Task prompt
Wherever pictures appear in the listing below, leave them out, and copy exactly, and only, everything from the line with "Детали: Мужской хлопковый" down to the line with "h. 19th century".

Data for analysis
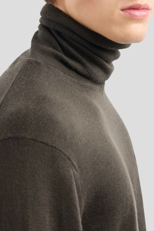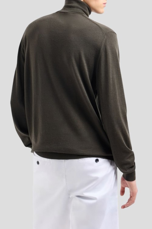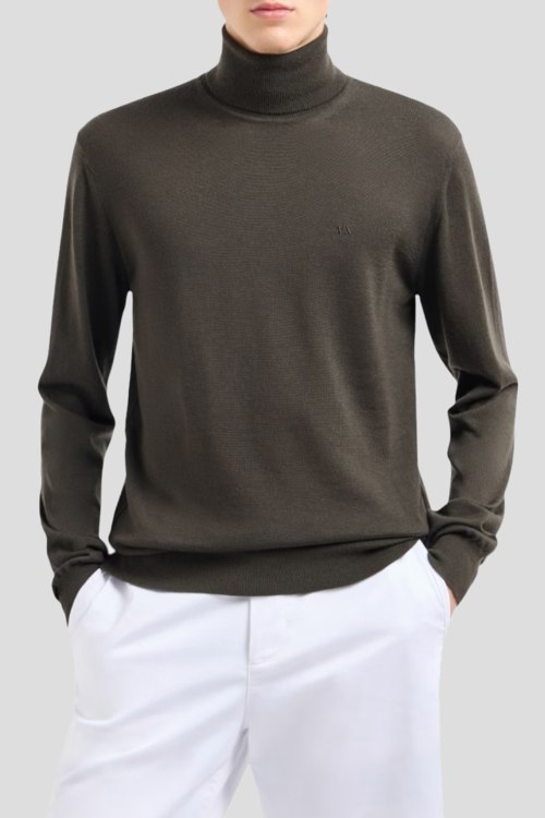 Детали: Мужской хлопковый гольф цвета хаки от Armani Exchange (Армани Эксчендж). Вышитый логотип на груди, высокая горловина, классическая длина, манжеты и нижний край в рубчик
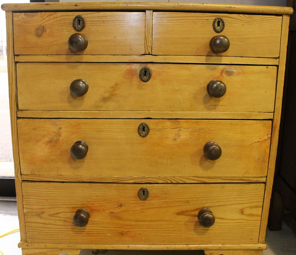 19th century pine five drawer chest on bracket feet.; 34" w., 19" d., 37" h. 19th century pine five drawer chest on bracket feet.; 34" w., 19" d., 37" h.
* * *
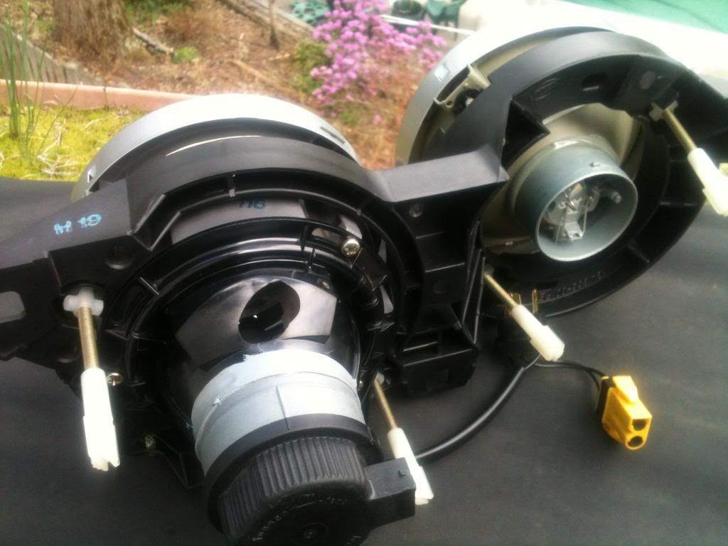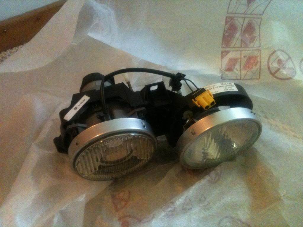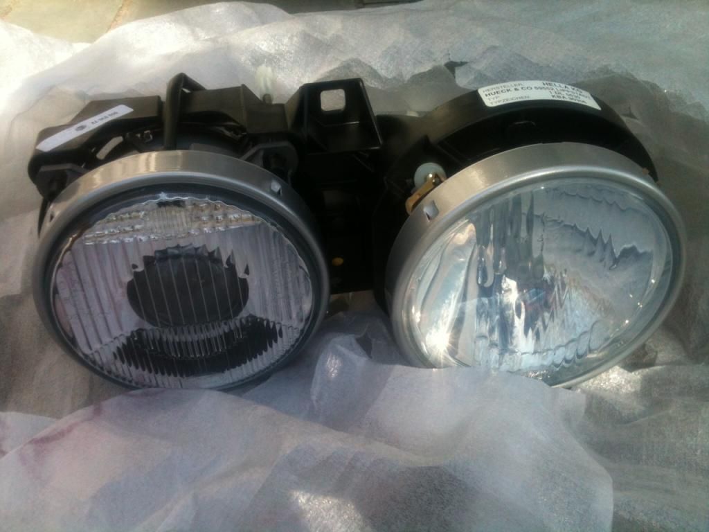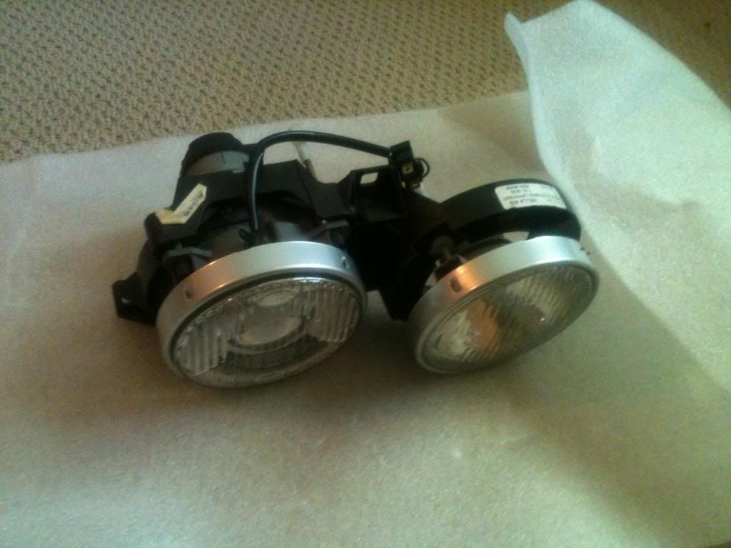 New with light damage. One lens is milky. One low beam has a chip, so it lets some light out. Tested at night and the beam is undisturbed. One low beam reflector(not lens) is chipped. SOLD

Problem solution
 Детали: Мужской хлопковый гольф цвета хаки от Armani Exchange (Армани Эксчендж). Вышитый логотип на груди, высокая горловина, классическая длина, манжеты и нижний край в рубчик
 19th century pine five drawer chest on bracket feet.; 34" w., 19" d., 37" h. 19th century pine five drawer chest on bracket feet.; 34" w., 19" d., 37" h.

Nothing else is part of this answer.